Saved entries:
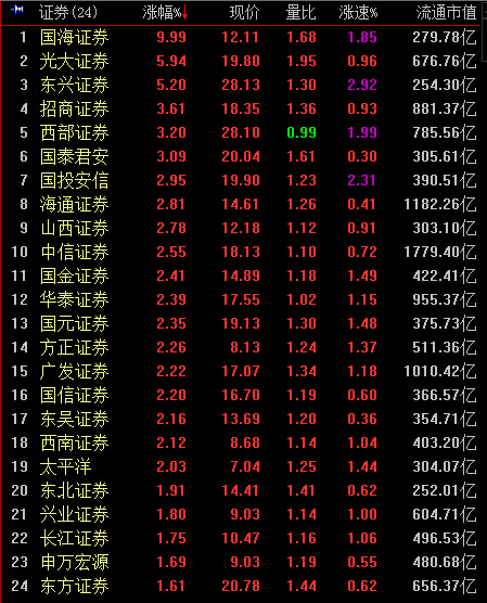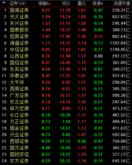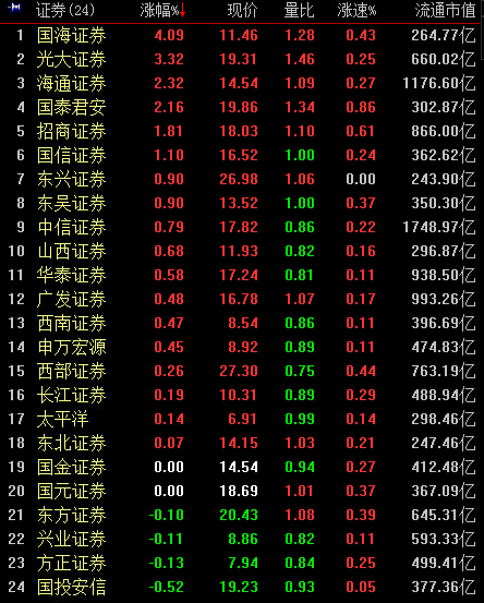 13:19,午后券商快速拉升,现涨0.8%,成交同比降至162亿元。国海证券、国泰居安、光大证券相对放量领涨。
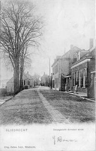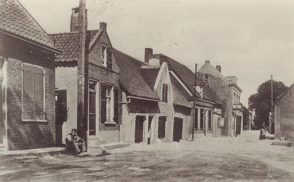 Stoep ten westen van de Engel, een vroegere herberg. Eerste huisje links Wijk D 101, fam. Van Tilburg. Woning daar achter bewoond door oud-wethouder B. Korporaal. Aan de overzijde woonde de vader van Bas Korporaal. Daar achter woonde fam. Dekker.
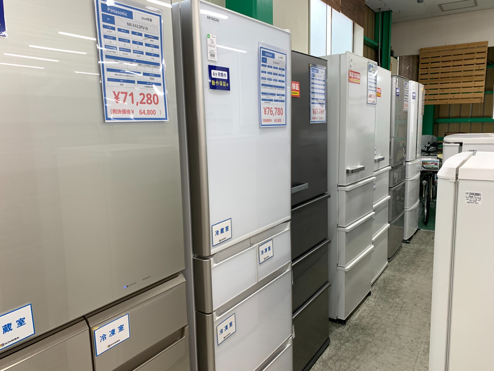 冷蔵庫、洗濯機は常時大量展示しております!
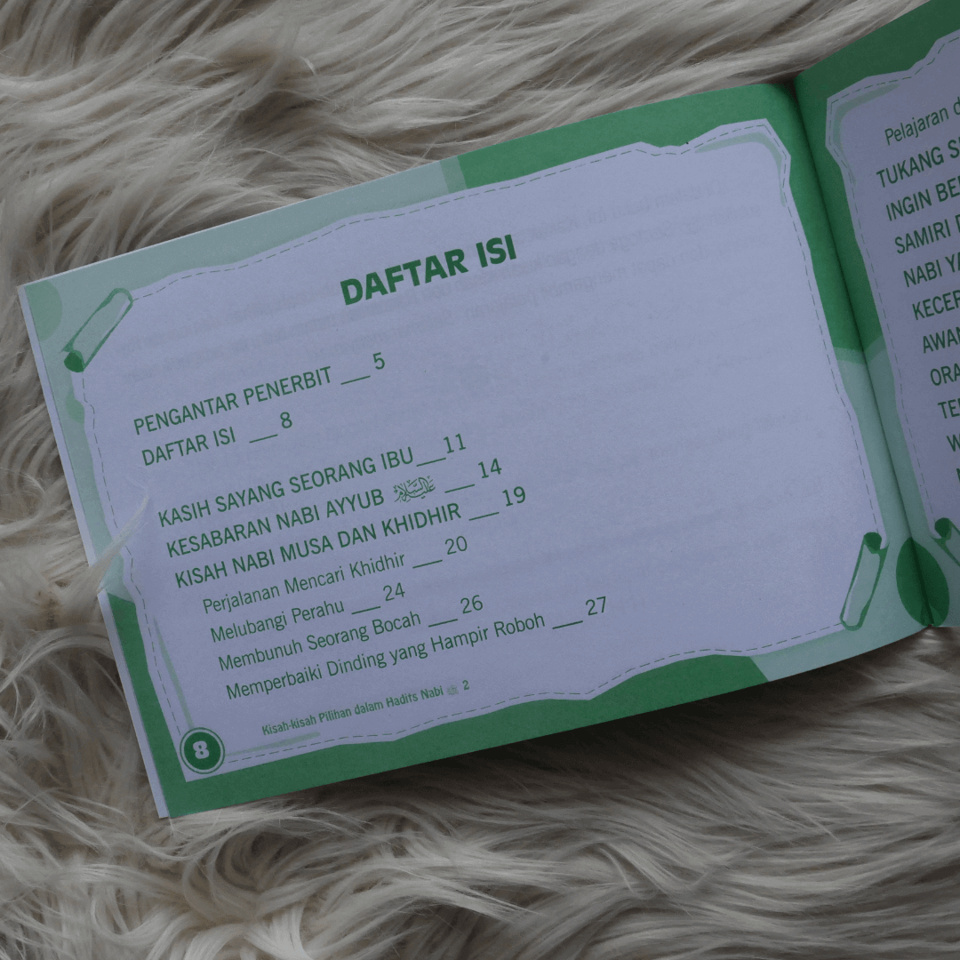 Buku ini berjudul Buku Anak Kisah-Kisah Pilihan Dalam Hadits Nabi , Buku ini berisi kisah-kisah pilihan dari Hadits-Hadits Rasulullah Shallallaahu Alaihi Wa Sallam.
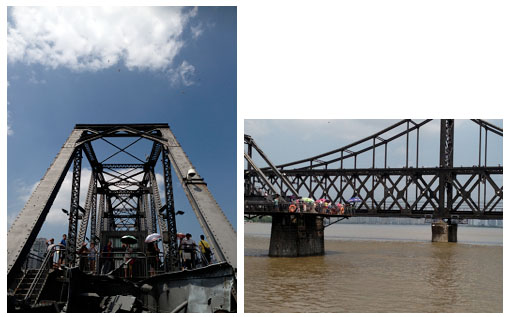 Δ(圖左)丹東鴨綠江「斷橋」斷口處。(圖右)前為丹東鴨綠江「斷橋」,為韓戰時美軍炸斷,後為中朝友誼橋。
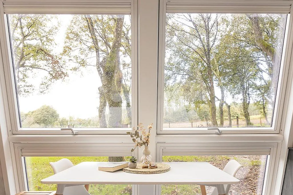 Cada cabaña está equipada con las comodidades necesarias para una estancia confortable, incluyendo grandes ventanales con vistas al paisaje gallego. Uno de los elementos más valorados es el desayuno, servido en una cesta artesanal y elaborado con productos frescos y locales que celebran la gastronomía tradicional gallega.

- [TASK OBJECTIVE]: Reproduce the data above word for word from its first line through the line that holds "Δ(圖左)丹東鴨綠江「斷橋」", both ends included; skip pictures.

- [ANSWER SECTION]:
 13:19,午后券商快速拉升,现涨0.8%,成交同比降至162亿元。国海证券、国泰居安、光大证券相对放量领涨。
 Stoep ten westen van de Engel, een vroegere herberg. Eerste huisje links Wijk D 101, fam. Van Tilburg. Woning daar achter bewoond door oud-wethouder B. Korporaal. Aan de overzijde woonde de vader van Bas Korporaal. Daar achter woonde fam. Dekker.
 冷蔵庫、洗濯機は常時大量展示しております!
 Buku ini berjudul Buku Anak Kisah-Kisah Pilihan Dalam Hadits Nabi , Buku ini berisi kisah-kisah pilihan dari Hadits-Hadits Rasulullah Shallallaahu Alaihi Wa Sallam.
 Δ(圖左)丹東鴨綠江「斷橋」斷口處。(圖右)前為丹東鴨綠江「斷橋」,為韓戰時美軍炸斷,後為中朝友誼橋。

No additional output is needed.